In the context of increasing decentralised electricity generation, choosing the right regulation policy is a complex decision problem which is key to the economically sustainable integration of distributed generation technologies. The complexity of this problem lies mainly in the fact that distribution network (DN) prices dynamically adapt to the evolution of decentralised generation, due to the cost recovery schemes of the distribution network operators. Such evolution, in return, is strongly influenced by DN prices.
Under certain regulation policies, the introduction of distributed generation may create what is known as a death spiral, by which an uncontrolled growth in electricity prices may take place as a response to the decrease in the overall electricity demand of the system, due to the integration of distributed generation in the electricity distribution system. This effect is illustrated in the following figure.
Our paper introduces a computational tool capable of assessing the impact of different regulation policies on the dynamic evolution of DN prices, and on the deployment of distributed renewable energy (DRE) generation. Our model includes all mechanisms that force electricity prices to dynamically adapt with the evolution of decentralised electricity production. Furthermore, to the best of our knowledge, there is no other simulator in the literature that enables testing of various regulation policies, regarding their suitability for fostering distributed generation in an economically sustainable fashion (without inducing a death spiral), accounting for the dynamic evolution of DNs.

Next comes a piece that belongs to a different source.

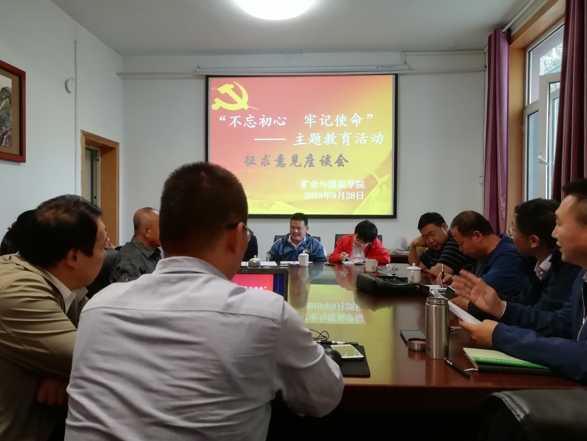 9月28日15:00,beat365正版唯一官网必一党总支中心组在学院办公楼102开展“不忘初心、牢记使命”主题教育之教师代表座谈会。

More precisely, we model individual electricity consumers as rational agents, who may invest in optimised distributed renewable energy installations, if they are cost-efficient when compared to the network tariff. By modelling the cost recovery scheme of the distribution system operator, the simulator then computes the evolution of the network tariff in response to a change in the consumption and generation of the consumers in the DN, due to the deployment of distributed generation. The simulator is illustrated with various regulation policies.
This work as has been achieved in collaboration with the department of economy of the University of Liege (HEC Liege), sharing our respective visions of the problem, and working together in the modelling of the simulator.
Our simulator may help attain a better understanding of tarification issues and provide insight into how to design new distribution tariffs. We would be honoured to assist regulators worldwide looking for new (smart) ways of designing distribution tariff policies.